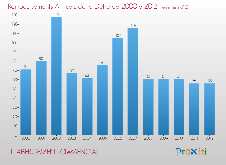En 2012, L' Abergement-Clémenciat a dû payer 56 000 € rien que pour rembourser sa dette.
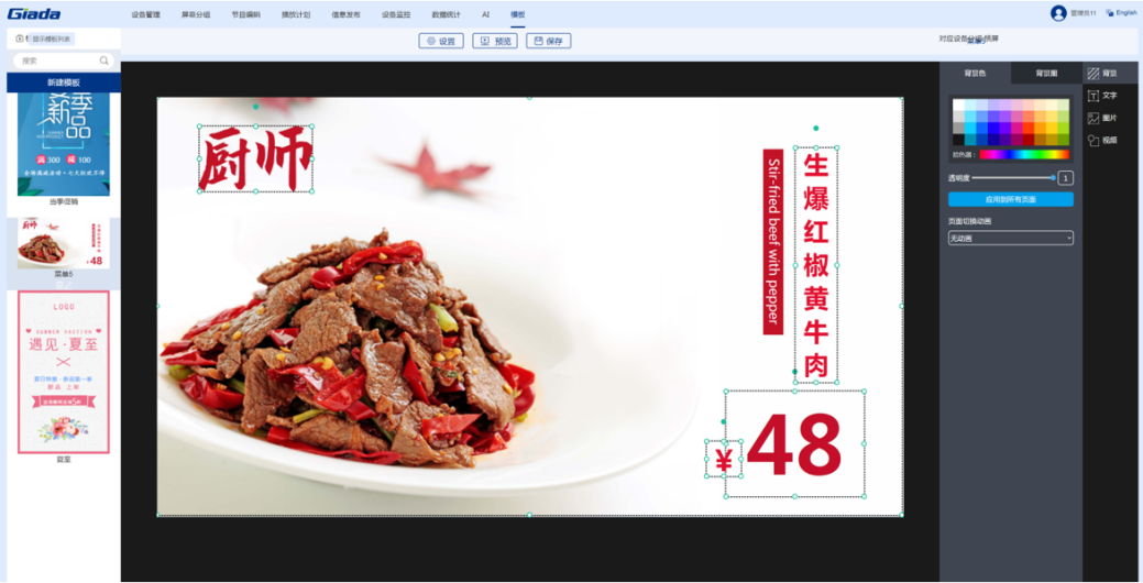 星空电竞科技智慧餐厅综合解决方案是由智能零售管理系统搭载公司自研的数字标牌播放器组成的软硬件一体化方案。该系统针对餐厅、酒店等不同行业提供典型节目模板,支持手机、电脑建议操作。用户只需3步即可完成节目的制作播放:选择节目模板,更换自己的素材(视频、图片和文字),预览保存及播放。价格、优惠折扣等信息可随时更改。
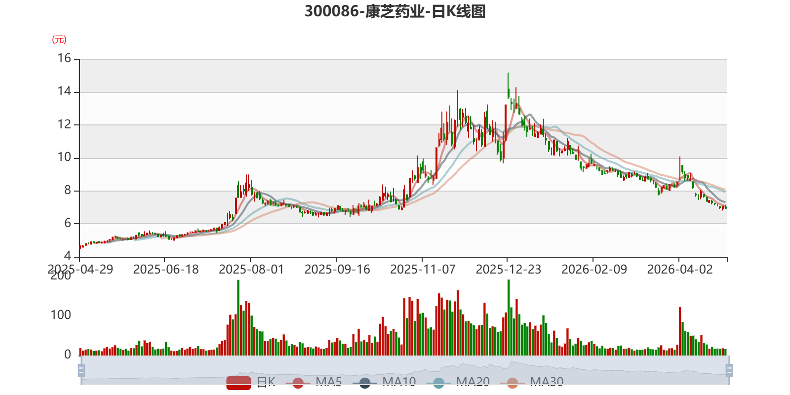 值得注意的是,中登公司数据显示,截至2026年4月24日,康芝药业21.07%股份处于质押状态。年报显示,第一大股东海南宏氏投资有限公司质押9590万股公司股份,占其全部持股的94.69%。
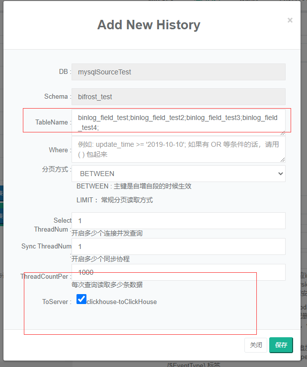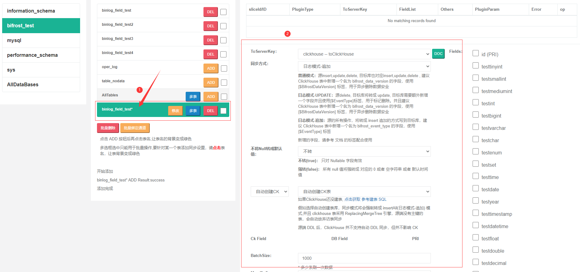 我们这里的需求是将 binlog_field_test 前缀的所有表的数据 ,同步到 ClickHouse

* * *

**Task**
Reprint all the data above verbatim, excluding pictures.

**Answer to the exercise**
En 2012, L' Abergement-Clémenciat a dû payer 56 000 € rien que pour rembourser sa dette.
 星空电竞科技智慧餐厅综合解决方案是由智能零售管理系统搭载公司自研的数字标牌播放器组成的软硬件一体化方案。该系统针对餐厅、酒店等不同行业提供典型节目模板,支持手机、电脑建议操作。用户只需3步即可完成节目的制作播放:选择节目模板,更换自己的素材(视频、图片和文字),预览保存及播放。价格、优惠折扣等信息可随时更改。
 值得注意的是,中登公司数据显示,截至2026年4月24日,康芝药业21.07%股份处于质押状态。年报显示,第一大股东海南宏氏投资有限公司质押9590万股公司股份,占其全部持股的94.69%。
 我们这里的需求是将 binlog_field_test 前缀的所有表的数据 ,同步到 ClickHouse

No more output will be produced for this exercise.